Elísio Chaves – As Ligas de Amigos sediados em muitas casas regionais em Lisboa, fomentou o apoio monetário, desenvolver as terras que deixaram e onde não havia emprego. Na altura a sua função era arranjar dinheiro, para construir hospitais, quartel de bombeiros, abastecimento de água, construção de estradas e arruamentos etc.  e os objectivos inicialmente para que foram criadas, alterou-se, a sociedade de desenvolvimento globalizou-se e as pessoas não tem necessidade das casas para desenvolver os seus objectivos. Algumas casas criaram em Lisboa a sua estrutura de aldeia/freguesia para angariação de fundos para a construção de infraestruturas necessárias para apoio as pessoas que lá ficaram. Agora devemos preservar o que temos no interior e as entidades locais serem capazes de apoiar quem pretende regressar. Temos muita coisa para oferecer, segurança, bom ambiente, habitação com qualidade, natureza, paisagens deslumbrantes, alimentação saudável, empregos, redes alternativas de energia etc, etc.

 

SerrasOnLine News – Tem sido devidamente aproveitada a pouca imprensa regional que existe no País, para divulgação eficiente das actividades das Casas e da cultura regional que existe no País?
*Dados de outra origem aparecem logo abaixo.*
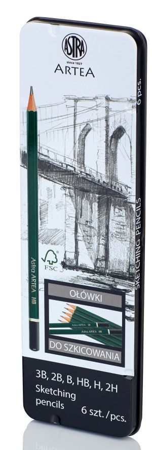 Ołówki grafitowe ASTRA Artea do szkicowania w metalowym pudełku 6szt.• przeznaczone do kreślenia, szkicowania i rysowania • twardość: 3B, 2B, B, HB, H, 2H • certyfikat FSC • hexagonalny kształt |
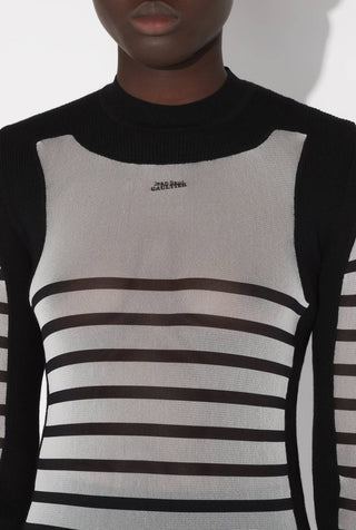Jean Paul Gaultier - Mix Mesh And Knit Long Sleeves Pullover Printed "mariniere"
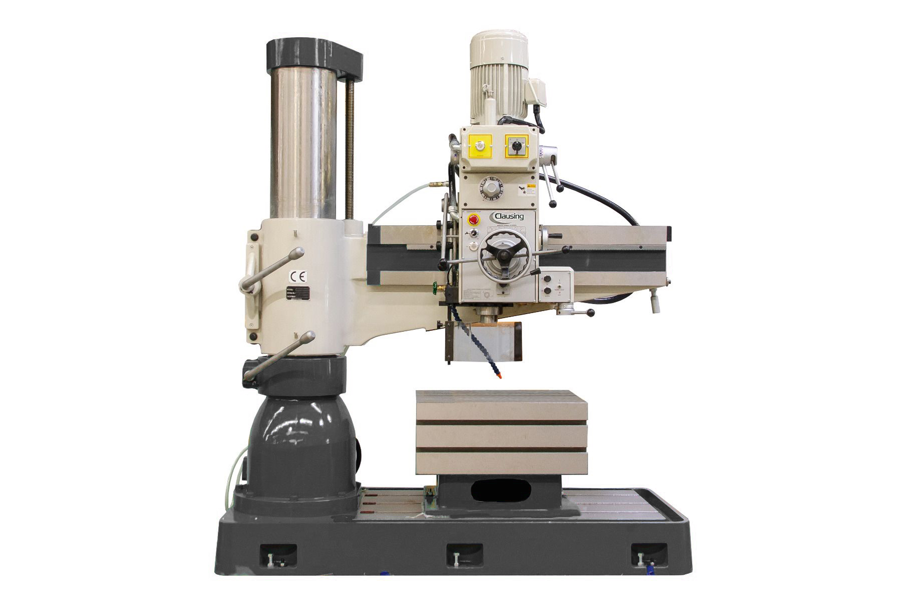 43.3” Arm, 25.1 x 20.4 x 16.5 Box Table, 1.65” Drilling Capacity Steel, 1” Tapping Capacity Steel, 3 Hp 2-Speed Spindle Motor, W/CE Electrics, Spindle Guard, 12 – Speed Geared Head, 44 to 1500 rpm Spindle Speed, Self-Contained Coolant System, 230/460 Volts 3 Phase Available through Commonwealth Industrial—your Clausing sales and service partner.
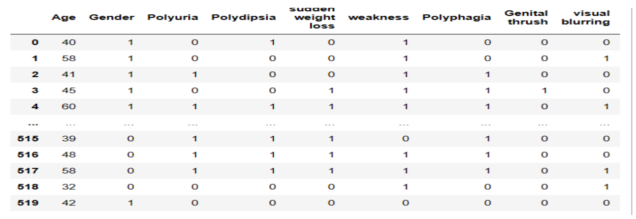 本研究采用某医疗数据集(包含520条样本、16项特征变量),涵盖年龄、性别及多尿、多饮、肥胖等临床症状指标。数据预处理需解决非结构化数据转换与关键特征识别两大核心任务。
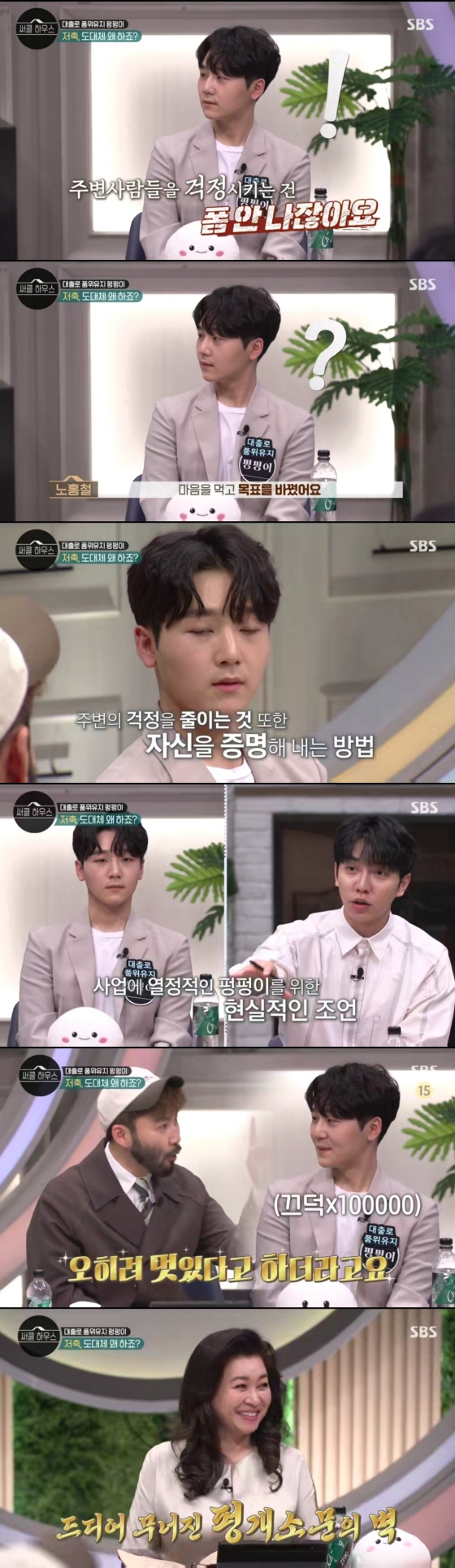 노홍철은 "그런데 어느 순간 그런 생각을 했다. 주변 사람들을 걱정시키는 것 역시 폼이 안 나지 않느냐. 그래서 마음을 먹고 목표를 바꿨다. 주변의 걱정을 줄이는 것 또한 나 자신을 증명하는 방법이라 생각했다"고 말했다. 이에 펑펑이는 "마음이 움직였다. 앞으로 저축을 늘리겠다. 옆에서 노홍철씨의 얘기를 듣는데 창피했다"며 앞으로 저축에 들이는 돈을 늘리겠다고 말했다. 이에 노홍철은 "오히려 증명하는 것을 보더니 멋있다고 하더라"며 펑펑이의 선택을 응원했다.
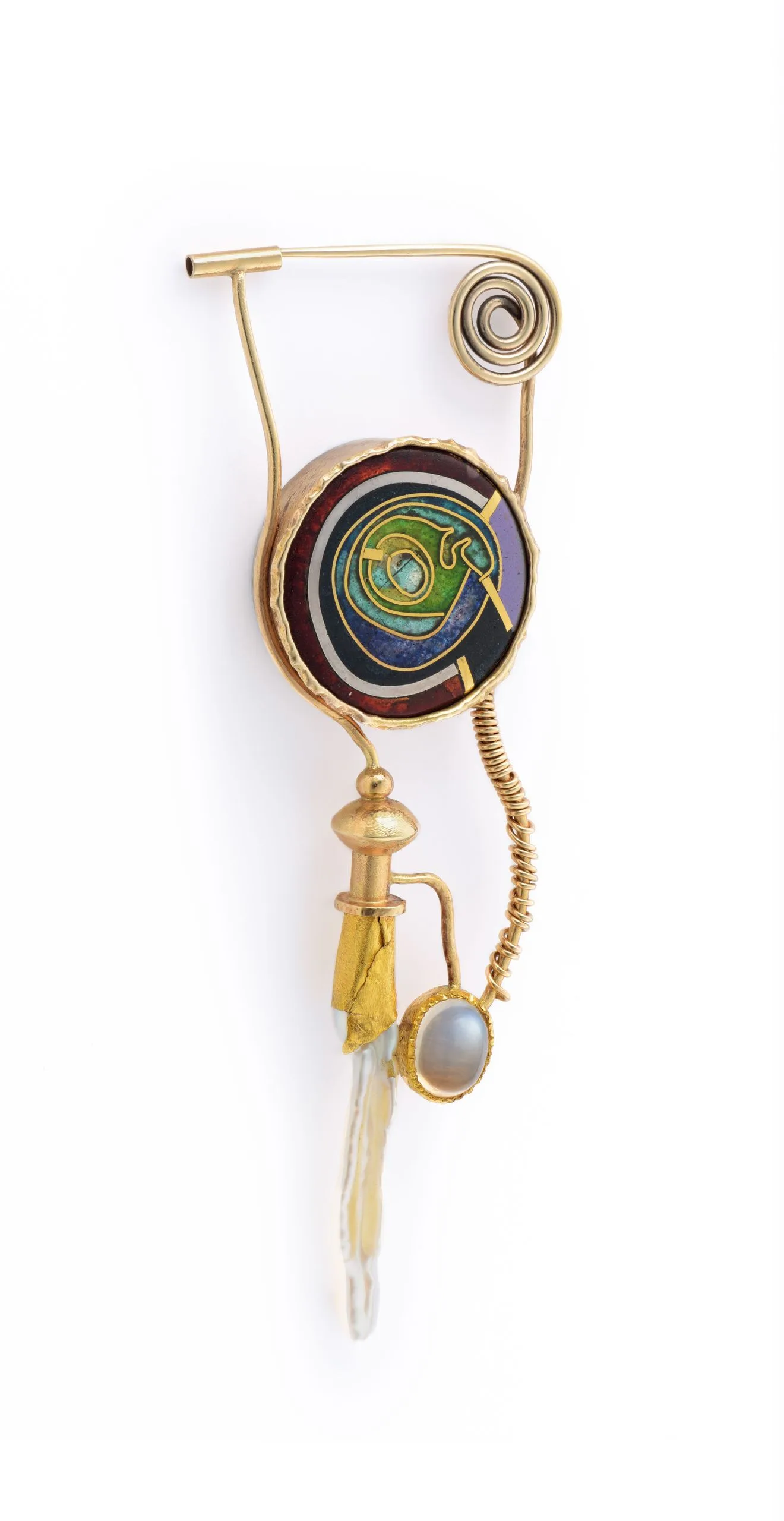 - Silver, gold, enamel on copper, pearl, moonstone
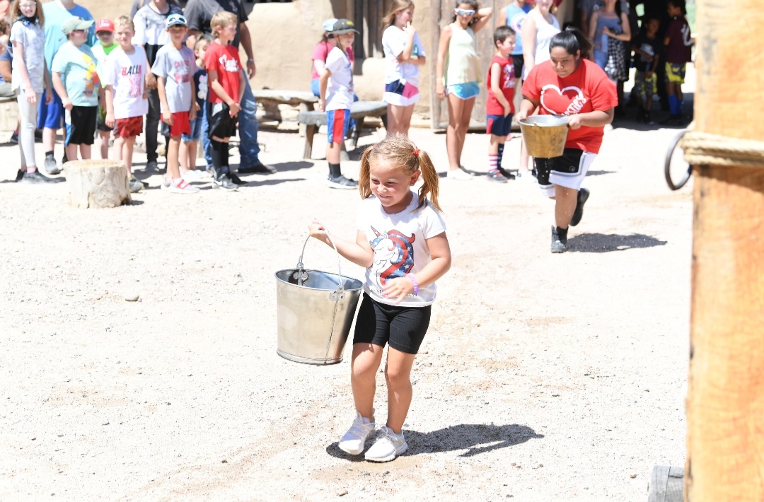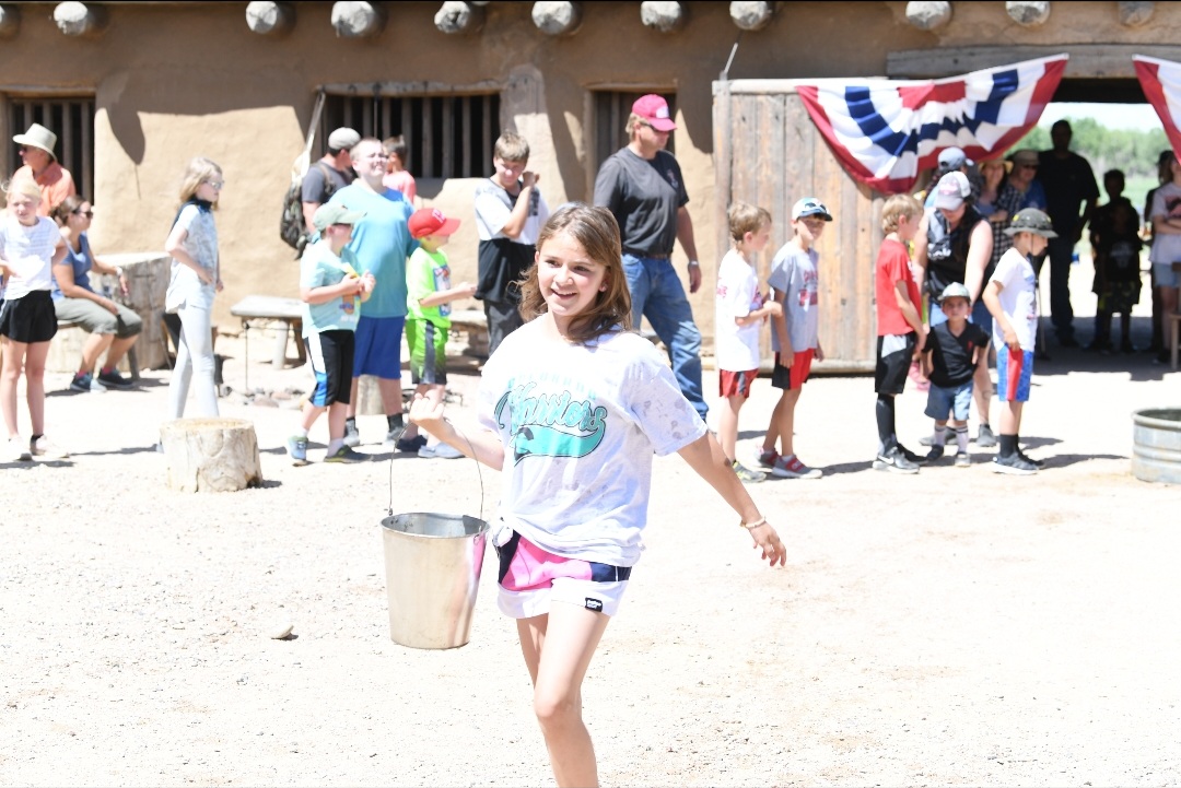 Visitors to the fort competed in a traditional water bucket relay and a piñata break.
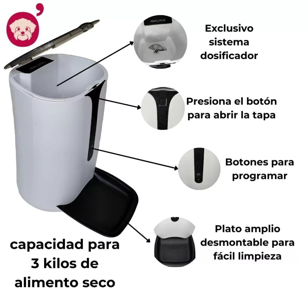 Comprá antes de las 14 y obtené el envío en el día—---------------------------------------------------------------------------------------------------------------------Agregá varios productos a tu carrito para pagar un sólo envío. ¡Si superas el monto mínimo el envío es GRATIS!Comedero alimentador inteligente automático wifi¡Cuidá de tu mascota incluso cuando no estás en casa con este innovador comedero automático inteligente! Diseñado para brindar comodidad y tranquilidad, este dispositivo ofrece tecnología avanzada y facilidad de uso:Características✅Control Remoto:Podes programar las comidas y controlar el comedero desde tu celular, lo que te permite ajustar las porciones y horarios según las necesidades de tu mascota.✅Programación Flexible:permite programar varias comidas al día, lo que es ideal para mantener una rutina regular para tu mascota.✅Gran Capacidad:Con una capacidad de hasta 3 kg, podes asegurarte de que tu mascota tenga suficiente comida durante varios días sin necesidad de rellenar el comedero constantemente.✅Monitoreo y Notificaciones:recibí notificaciones en tiempo real de cuando la comida está baja o cuando tu mascota haya comido y mantenete informado sobre el estado de la alimentación.✅Diseño moderno y resistente:Fabricado en ABS, un material certificado que mantiene la frescura del alimento. Tanto el contenedor interno con dosificador como el plato donde cae la comida son desmontables y lavables. Ademas complementa tu hogar con un estilo elegante.✅Apto para alimento seco: Diseñado específicamente para comida balanceada.RecomendaciónMantenimiento:Limpia el comedero regularmente para evitar la acumulación de bacterias. Asegurate de que la comida esté seca y no se humedezca, ya que esto puede afectar su calidad.Proba y Ajusta:Observa cómo se adapta tu mascota al comedero automático y ajusta las porciones y horarios según sus necesidades y preferencias.—----------------------------------------------------------------------------------------------------------------------Teo’s Friends es un PetShop online importador de productos de primera calidad para mascotas.Contamos con una amplia variedad de productos, accesorios, mochilas, bolsos y juguetes.Nuestro objetivo es dar soluciones para mejorar la vida de tu mascota.Nos gusta poder llevar a nuestras mascotas en todas nuestras aventuras y por eso nos especializamos en soluciones para viajes y paseos.Revisá todos los productos de nuestro catálogo.Consúltanos por cualquiera de nuestros productos y responderemos a la brevedad.—---------------------------------------------------------------------------------------------------------------------Agregá varios productos a tu carrito para pagar un sólo envío. ¡Si superas el monto mínimo el envío es GRATIS!—---------------------------------------------------------------------------------------------------------------------Realizamos envíos a toda la República ArgentinaEnvíos en 24 horas para CABA y GBA con envío flexRealizamos Factura A y B30 días de garantía para devolución---------------------------------------------------------------------------------------------------PODES RETIRAR TU COMPRA DE FORMA GRATUITA EN NUESTRO LOCAL UBICADO EN DEVOTO (Tinogasta 5356, a 5 cuadras del shopping).
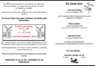 Jeder kann beim Ostereierschießen mal das Luftgewehrschießen ausprobieren. Es konnte auf Karten geschossen werden um Ostereier zu gewinnen oder auf Holzklötchen um einen Pokal zu gewinnen.
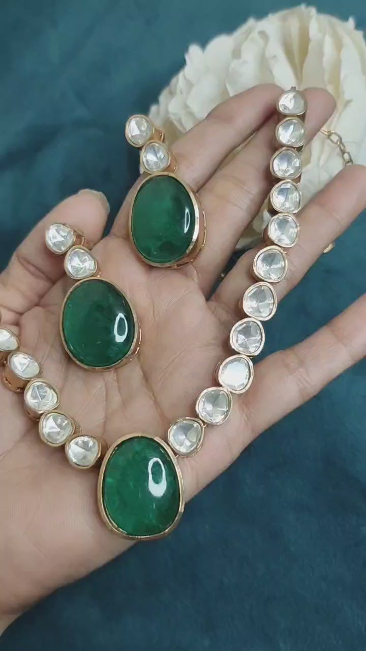 Big Emerald Stone Kundan Short Necklace Set

Elísio Chaves – A imprensa regional, só tem conhecimento do trabalho efectuado, quando as suas casas fazem a divulgação ou quando enviam a notícia do acontecimento, no entanto e pensando bem, deviam demonstrar mais interesse em saber o que se passa nas associações de sua pertença.

 

SerrasOnLine News – Sente que temos alguma dificuldade em partilhar aquilo que é “nosso”, com os outros, nomeadamente com os ditos “urbanos”?

Elísio Chaves – Não sentimos dificuldades nenhumas em divulgar aquilo que é nosso, porque todos nós somos e sentimos orgulho daquilo que representamos, o problema é termos oportunidades em divulgar e em criar grupos com quem nos identificamos culturalmente. As casas regionais, já fizeram eventos em conjunto, no rossio na praça da figueira e praça do comercio e apresentamos o folclore das nossas terras e gostávamos de voltar.

 

SerrasOnLine News – Para terminar queria deixar alguma mensagem para os nossos leitores?

Elísio Chaves – A todos os leitores, pessoas do interior e citadinos, deixo um recado, preservem a cultura dos nossos ascendentes e criem, para uma sociedade que vive para o turismo e do turismo. Eu sinto que nós banalizamos a nossa cultura como povo, mas é essa cultura que banalizamos e que os outros admiram e gostam. Estamos a tempo de mostrar aos outros a estrutura etnográfica e gastronómica que temos na região de Lisboa.